To understand an implicit conversion is associated with the assignment operator (ref C99 Standard 6.5.16). The C99 Standard goes on to say: Real floating and integer
When a finite value of real floating type is converted to an integer type other than _Bool, the fractional part is discarded (i.e., the value is truncated toward zero). If the value of the integral part cannot be represented by the integer type, the behavior is undefined.
Your earlier example illustrates undefined behavior due to assigning a value outside the range of the destination type. Trying to assign a negative value to an unsigned type, not from converting floating point to integer.
The asserts in the following snippet ought to prevent any undefined behavior from occurring.
#include <limits.h>
#include <math.h>
unsigned int convertFloatingPoint(double v) {
double d;
d = trunc(v);
assert((d>=0.0) && (d<=(double)UINT_MAX));
return (unsigned int)d;
Another way for doing the same thing, Create a union containing a 32-bit integer and a float. The int and float are now just different ways of looking at the same bit of memory;
union {
int myInt;
float myFloat;
} my_union;
my_union.myInt = 0x BFFFF2E5;
printf("float is %f\n", my_union.myFloat);
float is -1.999600
You are telling the compiler to take the number you have (large integer) and make it into a float, not to interpret the number AS float. To do that, you need to tell the compiler to read the number from that address in a different form, so this:
myFloat = *(float *)&myInt ;
That means, if we take it apart, starting from the right:
&myInt - the location in memory that holds your integer.
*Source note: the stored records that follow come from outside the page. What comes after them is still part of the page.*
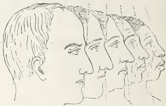
Grades of Intelligence.

An ordinary pair of shoes costs $3. for that price you can get a typewritten Character delineation and health test that will indicate the occupation for which you are best fitted mentally and temperamentally: it points out the powers that should be cultivated or restrained, and contains much other valuable advice. Full typewritten delineation with health chart $5. Special rates to families and clubs of 5 or more.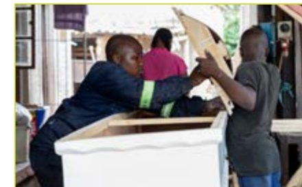
↑ JANUARY 13, 2022: Coffins and caskets are Vanessa's most reliable source of income and each holiday she mass produces enough stock for her mother to sell during the school term, "At first, we didn't have electricity and had to use manual machines and torches. Later, profits from the carpentry business helped us install plumbing and electricity at our house. Now we use electrical equipment".

Increased gender equitable income among extremely poor and chronically vulnerable households, women, and youth.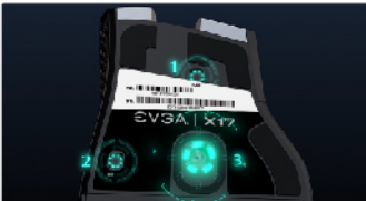
1. Triple sensor (Pixart 3389 optical sensor + 2 LOD)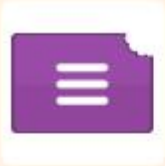
Open, close or share a file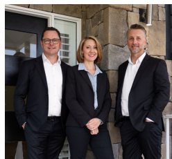
The Sales Team 03 5755 1307

Price : $945,000 Land Size : 1500 sqm View : https://www.dickensrealestate.com.au/sale/vic/north-eastern/wandiligong/residential/home/7751869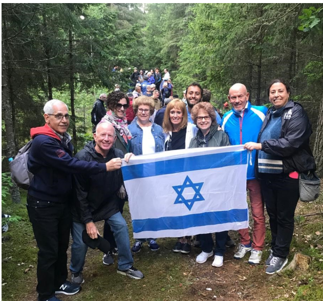
The Zelwin & Freedman Families: Return to Belarus Saturday, August 17 • during morning services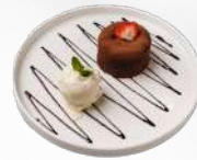
حبيب شوكولا فوندان Habib's chocolate Fondant

Melted cheese drizzled with sugar syrup, and fresh kaak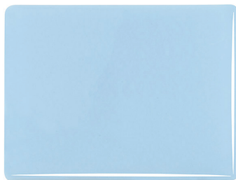
Glacier Blue Opalescent 000104-0030, -0050 (Price Code B)

Now available with with a gold irid coating. With 001429-37 and 001137-38, this style completes our silver/gold/bronze line.

(float *) - really, I want the compiler use this as a pointer to float, not whatever the compiler thinks it may be.
* - read from the address of whatever is to the right.
myFloat = - set this variable to whatever is to the right.
So, you are telling the compiler: In the location of (myInt), there is a floating point number, now put that float into myFloat.